U.S. crude futures gained almost 1 per cent on Tuesday after flooding throughout the Midwest constrained crude flow from the main U.S. storage hub in Cushing, Oklahoma.

U.S. West Texas Intermediate (WTI) futures settled at $59.14 a barrel, up 51 cents, or 0.9 per cent, from its close on Friday before the long Memorial Day holiday weekend.

“Flooding seems to have impacted distribution hubs around the United States, slowing stuff coming out of Cushing and creating a bid on WTI,” said Phillip Streible, senior market strategist at RJO Futures in Chicago.

Flooded areas of Arkansas and Oklahoma were bracing for more rain that will feed the already swollen Arkansas River, forecasters said on Tuesday. Up to 19 inches (48 cm) of rain have fallen so far in parts of Oklahoma over the month of May, the National Weather Service said, with more on the way.

Meanwhile, Brent crude futures settled flat at $70.11 a barrel, after repeatedly veering above and below the $70-mark.

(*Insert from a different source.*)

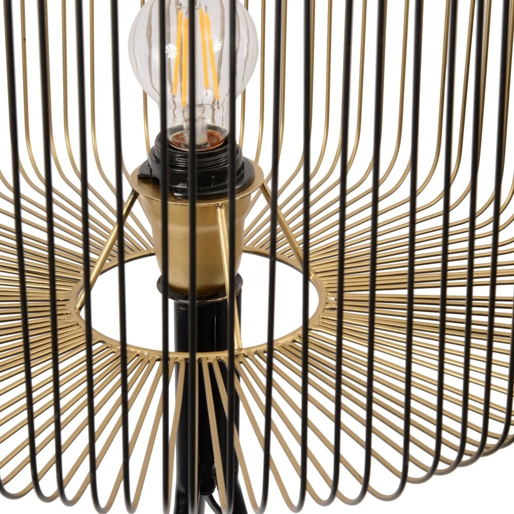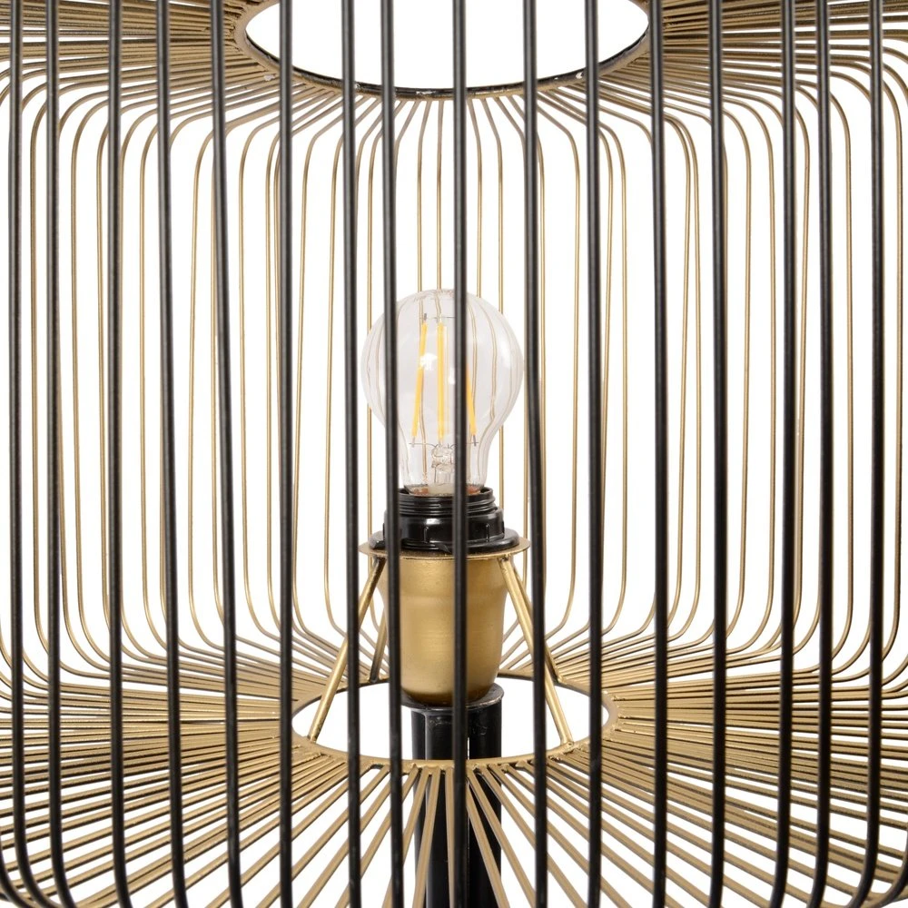 Cool and contemporary, this striking floor lamp features a tripod base and a wire caged frame which encases a filament bulb. Gold detailing on the inside of the cage and light fitting contrast beautifully with the black frame to create a modern light that will bring a touch of style to any space.

Prices had been caught between fears of slowed economic growth and expectations that the Organization of the Petroleum Exporting Countries (OPEC) and its allies will extend their six-month deal to curb production.

OPEC and its allies including Russia, known as OPEC+, are due to meet over June 25-26 to discuss output policy, but it remains unclear whether their production pact will be extended.